Use the `arize-trace` skill for shell-level exports. For programmatic export of annotations, use `ArizeExportClient.export_model_to_df` and read the `annotation.<name>.label` and `annotation.notes` columns.

**Sanity check:** confirm `len(sessions)` matches the expected request count and that every override span has a non-null `Reviewer Decision` label.

### Phase 2 — Pattern discovery

Three priority queries surface the actionable patterns:

1. **Rule-reality gap** — every session where `agent.recommendation != reviewer.decision`. Group by `(vendor, department, urgency, amount-band)`. Clusters with N >= 5 examples are candidates.
2. **Precedent reuse** — extract the `precedent` field from `annotation.notes`; cluster by similarity. Frequently-cited precedents are tribal knowledge that should become explicit rules.
3. **Confidence-vs-override correlation** — when `agent.confidence == "high"` but Vera overrides anyway, the agent has confidently wrong heuristics. Highest-priority targets.
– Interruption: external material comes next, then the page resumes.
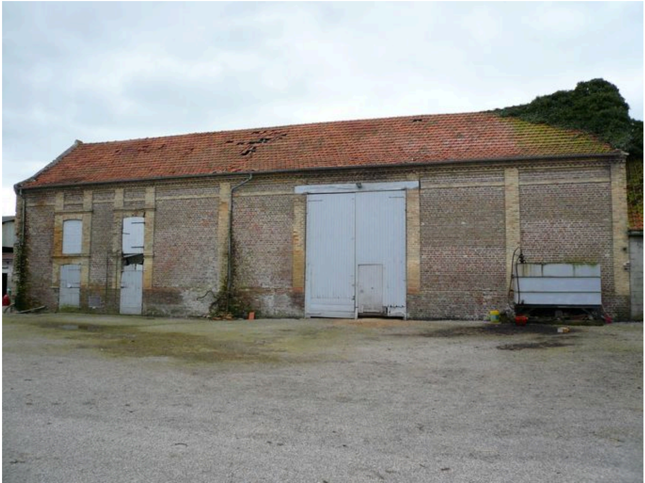
Vue de la seconde grange au sud de la cour.

Each pattern produces a structured finding:

> *"For requests matching X, the agent recommends Y but reviewers override to Z in N/M cases. Cited reason: '...'."*

Include 2-3 example session IDs as evidence.

### Phase 3 — Proposals

For each finding, read the relevant source and propose a concrete diff:

| Finding type | Lands in |
|---|---|
| New approval rule | `data/policies.json` (and tool logic in `src/agent/tools.py` if behavior changes) |
| Vendor-specific signal | `data/vendors.json` |
| Prompt update | `src/agent/evaluator.py` system prompt |
| New tool | `src/agent/tools.py` + register on the agent |

Output proposals as unified diffs with rationale, not as freeform prose.
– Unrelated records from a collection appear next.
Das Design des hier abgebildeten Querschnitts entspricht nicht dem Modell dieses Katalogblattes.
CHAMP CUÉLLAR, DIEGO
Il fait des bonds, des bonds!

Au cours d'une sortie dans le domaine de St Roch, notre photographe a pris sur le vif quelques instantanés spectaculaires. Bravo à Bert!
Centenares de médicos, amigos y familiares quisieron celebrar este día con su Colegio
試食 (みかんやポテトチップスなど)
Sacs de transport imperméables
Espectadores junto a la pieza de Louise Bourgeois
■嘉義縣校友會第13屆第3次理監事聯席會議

### Phase 4 — Validation handoff (out of scope here)

Validation runs as Arize experiments — out of scope for this skill. Just describe the experiment that *would* validate each proposal: input dataset (the captured override traces), metric (agreement-with-reviewer rate), regression check.

## Output

Produce a single markdown report with this structure:

1. **Summary** — sessions analyzed, override rate, top three patterns.
2. **Rule-reality gaps** — table of clusters; for each: evidence (linked Arize sessions), proposed fix, expected effect.
3. **Precedent extraction** — top tribal knowledge found in `annotation.notes`.
4. **Proposed diffs** — unified diffs against the codebase, each with rationale and validation plan.
5. **Open questions** — patterns that need more data or are ambiguous.
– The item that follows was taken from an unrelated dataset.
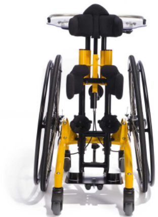
Brustpelottenhöhe und -breite, Gesässpelottenhöhe und dreidimensionale Verstellung der Kniepelotten in der Grundeinstellung
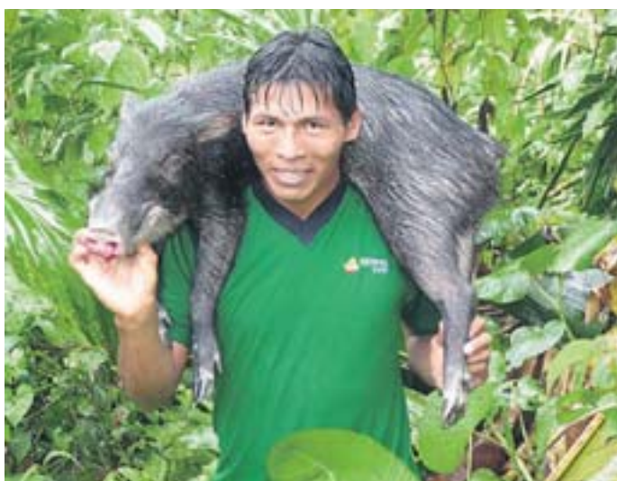
Ein Waorani-Mann mit erlegtem Pekari-Nabelschwein, das traditionell mit Holzspeeren gejagt wird.

Mitten im ecuadorianischen Amazonas-Dschungel wollen Waorani-Indianer ihrer traditionellen Lebensweise treu bleiben. Doch dort im Yasuni-Nationalpark gibt es auch Erdöl. Ein Konflikt mit Ansage.

Save the report to `.context-graph-mining/report-<timestamp>.md` (gitignored) and return its content as your final response.

## Constraints

- **Read-only** — this skill does not apply diffs. Output is a markdown report; humans or downstream tooling apply changes.
- **Cite evidence** — every proposed change must reference at least 3 distinct Arize sessions. If a cluster has fewer, mark it as "weak signal" rather than a proposal.
- **No fabricated patterns** — if the data does not support a finding, say so.
- **Domain-agnostic in spirit, procurement-specific in this run** — the patterns and entities (vendor, department, policy) are derived from trace structure, not hardcoded.

## Related skills

- `arize-trace` — export traces, spans, sessions.
- `arize-annotation` — read annotation configs and labels.
- `arize-dataset` / `arize-experiment` — for the validation handoff step described in Phase 4.
- `arize-link` — generate clickable links to evidence sessions for the report.